• _DATASET CONTENT_

---------------

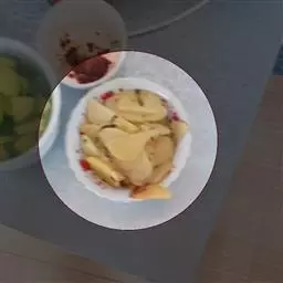 把辅料过油时,最后才把红椒过油,防止有颜色的蔬菜长时间煎炸退色。
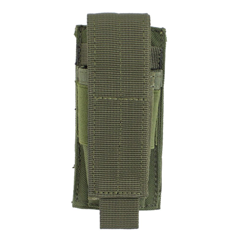 Keep a spare mag ready with the Raven X Pistol Single Mag Pouch. This compact pouch is built from heavy-duty nylon canvas and is designed to hold one pistol magazine securely. It features a hook and loop fastener with an adjustable pull tab to accommodate various mag sizes. An internal elastic retention band keeps your magazine firmly in place, while the drainage grommet at the bottom prevents water buildup. The PALS back strap makes it easy to attach to any MOLLE-compatible gear for a fully modular setup.
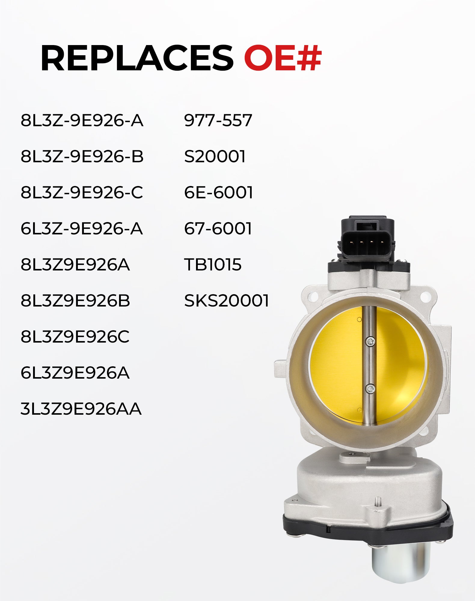 Replaces OEM Part Numbers: S20001, 6L3Z9E926A, 8L3Z-9E926-A
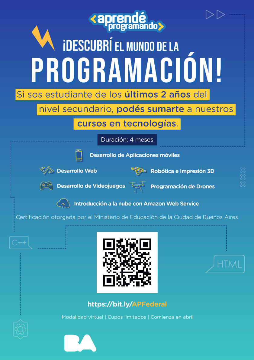 El mundo de hoy se encuentra atravesado por la tecnología. Por eso, el Ministerio de Educación de la Ciudad de Buenos Aires lanzó, hace más de cinco años, Aprendé Programando Virtual. Esta iniciativa introduce a los jóvenes en el universo de la programación y las nuevas tecnologías: el foco de los contenidos está puesto en prepararlos para los trabajos del futuro, considerando tanto las habilidades tecnológicas, las blandas y las socioemocionales.
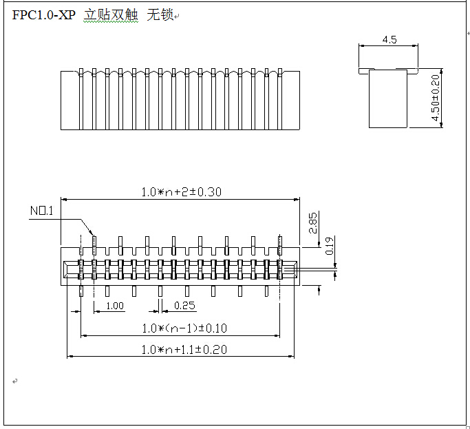 產品類型: FPC連接器 產品類型 FPC1.0-XP 間距 1.0mm 針數 4-60P 額定電流 0.4A 額定電壓 50V 接觸電阻 20 Milliohms Max 絕緣電阻 500 M Min 工作溫度范圍 -25oC+85oC 耐電壓 200V AC r.m.s 金屬材質 黃銅/磷

---------------

• _WHAT THIS TASK INVOLVES_
Every line from the one holding "Replaces OEM Part" through the final line of the data above is to be reproduced exactly, both ends included, with the pictures left out.

• _RESPONSE BOX_
 Replaces OEM Part Numbers: S20001, 6L3Z9E926A, 8L3Z-9E926-A
 El mundo de hoy se encuentra atravesado por la tecnología. Por eso, el Ministerio de Educación de la Ciudad de Buenos Aires lanzó, hace más de cinco años, Aprendé Programando Virtual. Esta iniciativa introduce a los jóvenes en el universo de la programación y las nuevas tecnologías: el foco de los contenidos está puesto en prepararlos para los trabajos del futuro, considerando tanto las habilidades tecnológicas, las blandas y las socioemocionales.
 產品類型: FPC連接器 產品類型 FPC1.0-XP 間距 1.0mm 針數 4-60P 額定電流 0.4A 額定電壓 50V 接觸電阻 20 Milliohms Max 絕緣電阻 500 M Min 工作溫度范圍 -25oC+85oC 耐電壓 200V AC r.m.s 金屬材質 黃銅/磷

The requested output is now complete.